Division of Diagnostic Pathology, Keio University School of Medicine, Tokyo, Japan.
Department of Urology, Keio University School of Medicine, Tokyo, Japan.
Lab Invest. 2017 Jul;97(7):854-862. doi: 10.1038/labinvest.2017.26. Epub 2017 Mar 13.
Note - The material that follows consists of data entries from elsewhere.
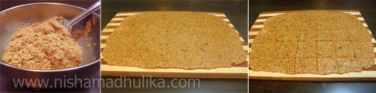 Grease the roller with ghee and roll out the mixture increasing its size in the same shape. Cut the rolled out patti with a knife in desired shape. Let the patti cool down.
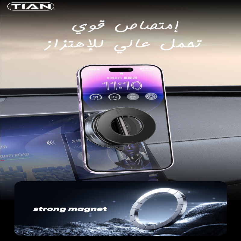 • قاعدة الجوال المغناطيسية تضمن تثبيت الجوال بشكل آمن حتى عند الاهتزاز
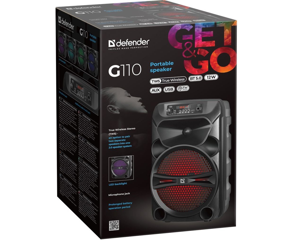 Портативная колонка DEFENDER G110 12Вт, Light/BT/FM/USB/LED/AUX
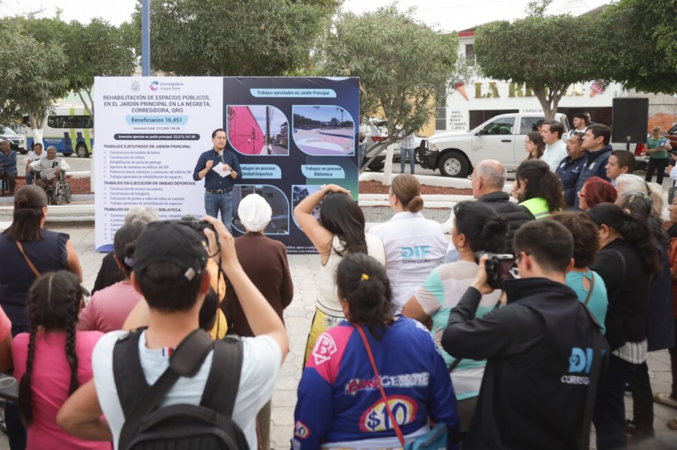 El presidente municipal de Corregidora, Chepe Guerrero, entregó la rehabilitación del Jardín Principal de La Negreta, con una inversión de más de 2 millones de pesos. Esta obra es la primera en concluir dentro del proyecto de mejora que también incluye la Unidad Deportiva y la Biblioteca de la zona, beneficiando a más de 16 mil habitantes.
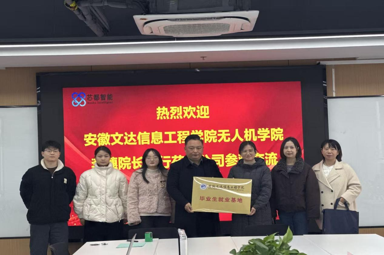 为深化产教融合、校企合作,构建人才共育、就业共促的协同发展新格局,12月26日,无人机学院院长李穗,副院长李梦和毕业班辅导员代表一行前往安徽芯都智能科技有限公司,新思考电机(合肥)有限公司参观考察并开展就业基地授牌暨共建交流会。
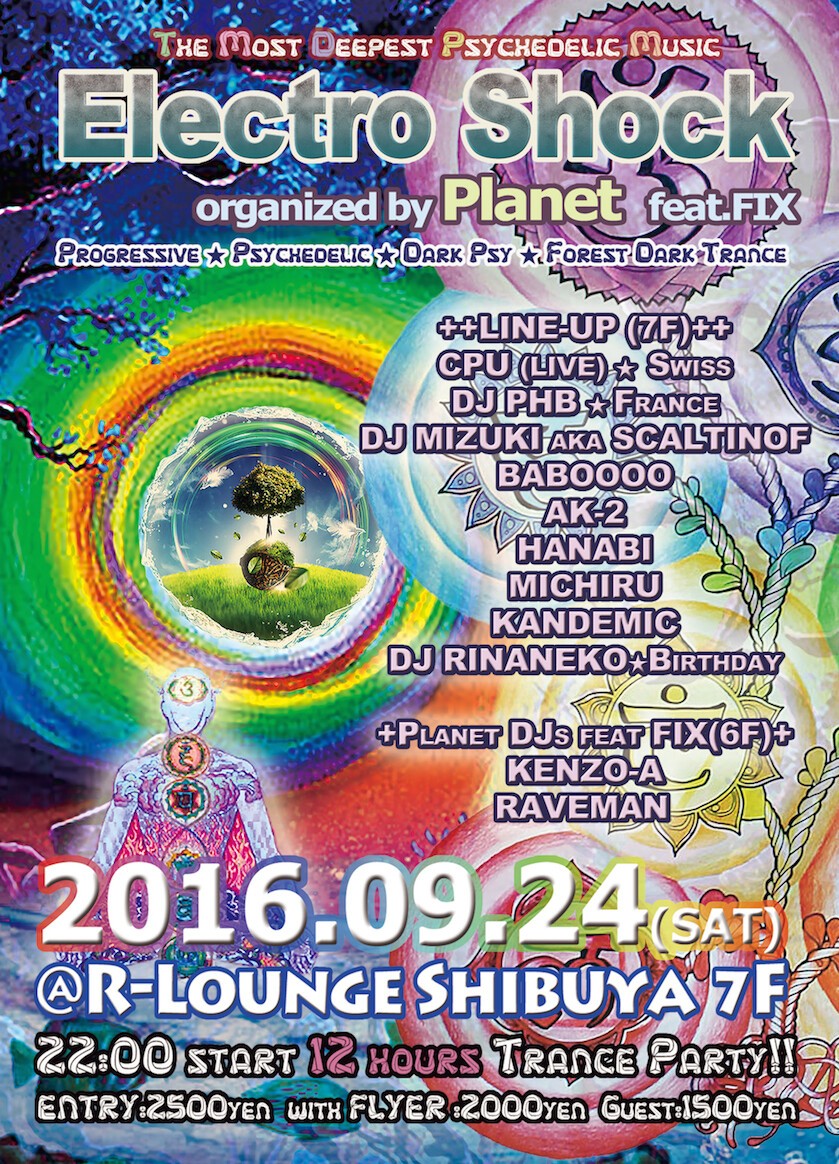 Planet Party再稼働第一弾は渋谷R-Lounge 7Fにて、Hard Techno team "FIX"とfeatringで、12 hours Trance party開催♪
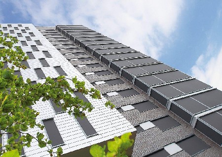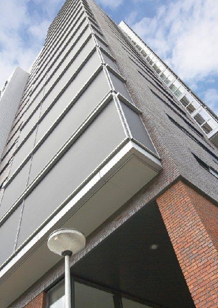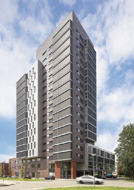 In een woontoren in Groningen werd RENSON Fixscreen zonwering geïnstalleerd om oververhitting in het gebouw te voorkomen. De binnentemperatuur kan nu efficiënt geregeld worden door 326 windvaste screens met een ingenieus automatisch besturingssysteem op basis van zon- en windsensoren.
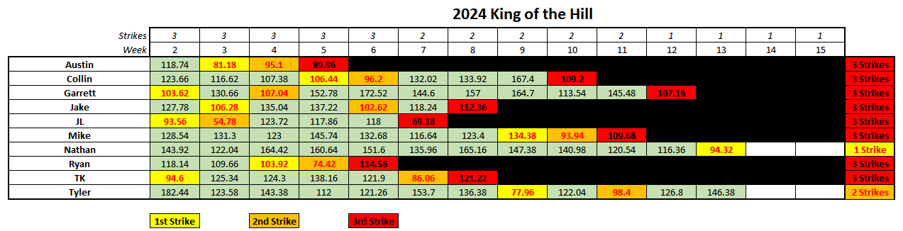 Man, when Mike had to clutch up and come through to stay alive, he just absolutely fell flat on his face. Breece Hall with 5, tsk tsk. You went negative on defense bro, like what are we doing. Ryan, it hasn't been your year, there's no denying that. But 140+ in what is essentially garbage time for your season is both honorable and sort of hilarious. As covered above, Mike isn't technically out yet, but he can go ahead and start planning 2025 draft strategies. Ryan can be an absolute menace and continue casuing standings issues with games against Nathan and Garrett to close out his season.
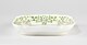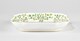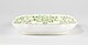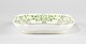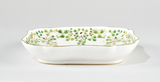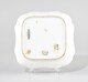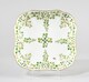 Jatte de forme carrée, assise carrée, au décor de trèfles verts et or, coccinelles en relief, fond blanc ; liseré doré sur la lèvre et l’assise.
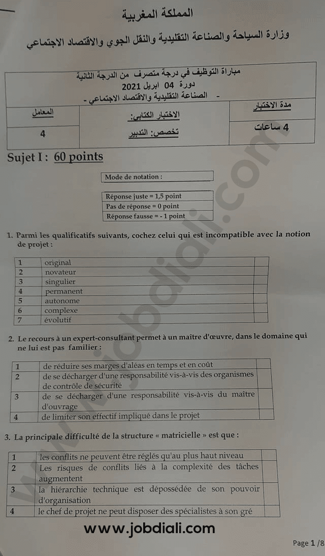 Exemple Concours de recrutement des Administrateurs 2ème grade – Echelle 11
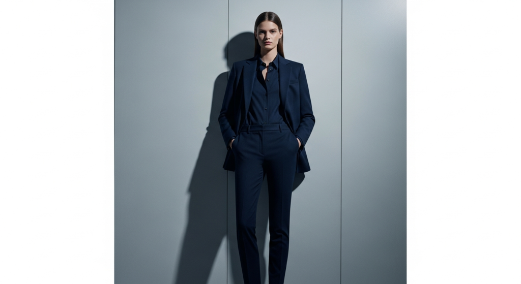 A navy-on-navy look (think slim-fit trousers, a button-front shirt, and a tailored navy blazer) is timeless and commanding. So is an all-grey ensemble: grey wide-leg pants, a pale grey silk blouse, and a mid-grey blazer with subtle structure.
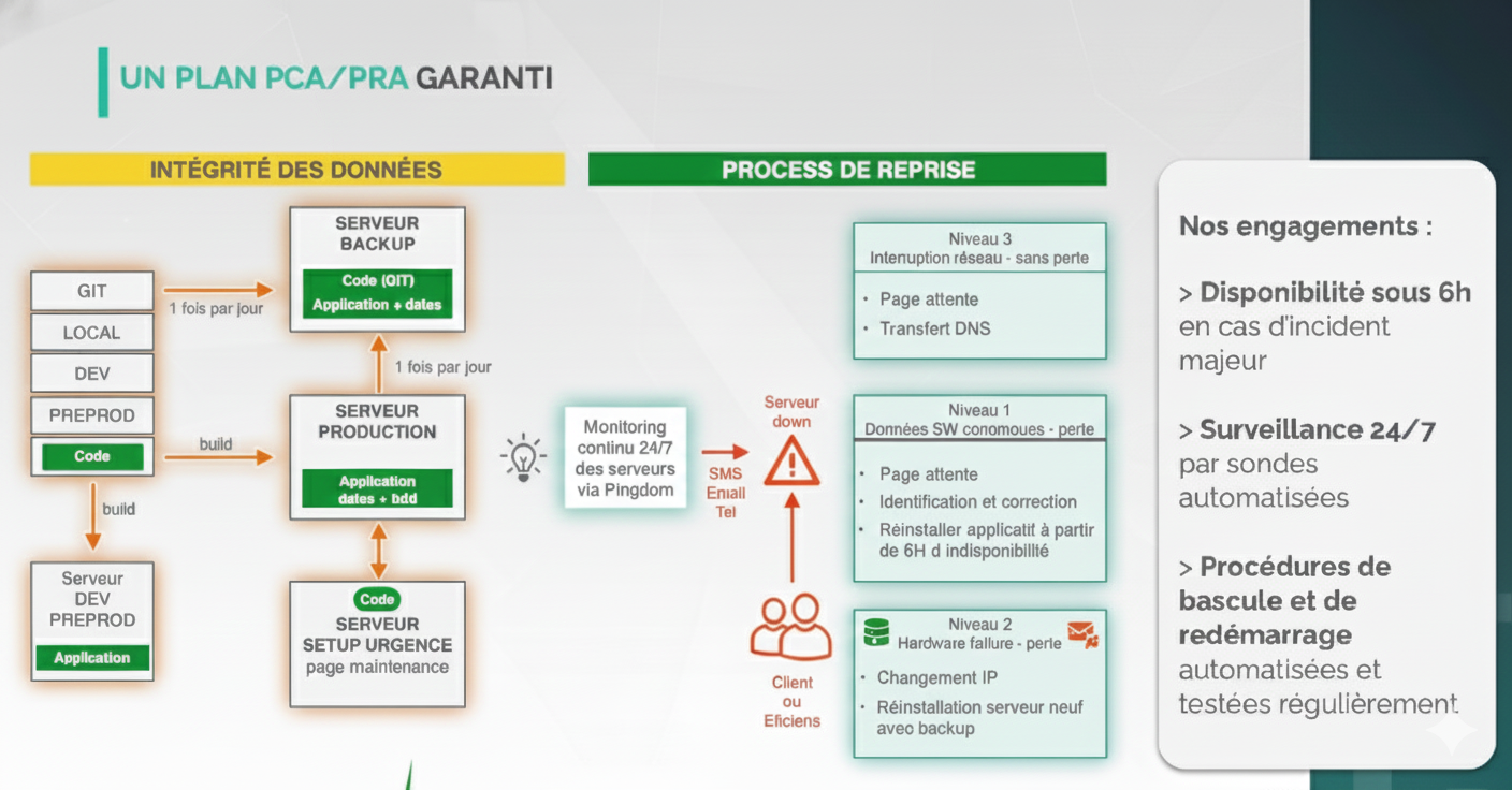 Différents types d’incidents appellent des réponses graduées. Un crash de service web rendant le site inaccessible nécessite un redémarrage des services sur le serveur de production, généralement résolu en moins de 4 heures. Un piratage ou une intrusion compromettant le site implique soit un nettoyage approfondi avec audit de sécurité, soit une bascule sur le serveur de préproduction, avec un délai de résolution de l’ordre de 8 heures. La perte totale du serveur de production suite à un incident matériel grave déclenche l’activation complète du PRA : récupération de la dernière sauvegarde, restauration sur le serveur de secours et bascule DNS, le tout en moins de 24 heures.

The microvascular density detected by markers of endothelial cells (ECs), such as CD31 and CD34, is considered to be a biomarker for angiogenesis, and it is generally associated with the malignant potential of solid tumors. However, there is a conflicting relationship between the microvascular density and prognosis in clear-cell renal cell carcinoma (ccRCC) patients. It may be explained by the suggestion that the microvascular density cannot fully reflect the angiogenic activity in ccRCC, as the markers of ECs are expressed by both quiescent and activated ECs. To investigate the real angiogenic activity, we examined vasohibin-1 (VASH1), a recently identified regulator of angiogenesis, which was demonstrated to be specifically expressed by ECs of newly formed blood vessels. Expression of VASH1 and CD34 were immunohistochemically examined in 116 primary untreated ccRCCs, 10 metastatic untreated ccRCCs, and 9 metastatic ccRCCs treated with sunitinib. ECs in the tumor microvessels were sporadically immunostained for VASH1, although no VASH1 staining was observed in the non-neoplastic renal tissues. CD34 was ubiquitously expressed by all ECs in both ccRCC and non-neoplastic renal tissues. Multivariate Cox analysis indicated that an elevated VASH1 density, but not microvascular density, was a significant and independent predictor of overall survival (odds ratio, 7.71; P=0.003). The microvascular density was significantly decreased in the sunitinib-treated metastases compared with untreated tumors (P=0.001). On the other hand, the VASH1 density was significantly higher in the metastatic ccRCCs treated with sunitinib compared with non-treated ones (P=0.010), indicating that VASH1 may be associated with the resistance of ECs to sunitinib treatment. Thus, VASH1 expression may reflect the actual activity of angiogenesis, and VASH1 can serve as a new prognostic and predictive biomarker in patients with ccRCC.
微血管密度(MVD)由内皮细胞(EC)标志物如 CD31 和 CD34 检测,被认为是血管生成的生物标志物,通常与实体瘤的恶性潜能相关。然而,在透明细胞肾细胞癌(ccRCC)患者中,MVD 与预后之间存在矛盾关系。这可能是因为 EC 标志物不仅在静止的 EC 中表达,也在激活的 EC 中表达,所以 MVD 并不能充分反映 ccRCC 中的血管生成活性。为了研究真实的血管生成活性,我们检测了血管生成抑制素-1(VASH1),它是一种新发现的血管生成调节剂,被证明特异性表达于新形成的血管内皮细胞。对 116 例未经治疗的原发性 ccRCC、10 例未经治疗的转移性 ccRCC 和 9 例接受舒尼替尼治疗的转移性 ccRCC 进行了 VASH1 和 CD34 的免疫组化检查。肿瘤微血管中的 EC 偶尔会被 VASH1 免疫染色,但在非肿瘤性肾组织中未观察到 VASH1 染色。CD34 在 ccRCC 和非肿瘤性肾组织中的所有 EC 中均广泛表达。多变量 Cox 分析表明,升高的 VASH1 密度而非 MVD 是总生存期的显著独立预测因素(比值比,7.71;P=0.003)。与未经治疗的肿瘤相比,舒尼替尼治疗的转移灶中的 MVD 显著降低(P=0.001)。另一方面,与未经治疗的肿瘤相比,接受舒尼替尼治疗的转移性 ccRCC 中的 VASH1 密度显著升高(P=0.010),表明 VASH1 可能与 EC 对舒尼替尼治疗的耐药性有关。因此,VASH1 表达可能反映了血管生成的实际活性,VASH1 可作为 ccRCC 患者的新的预后和预测生物标志物。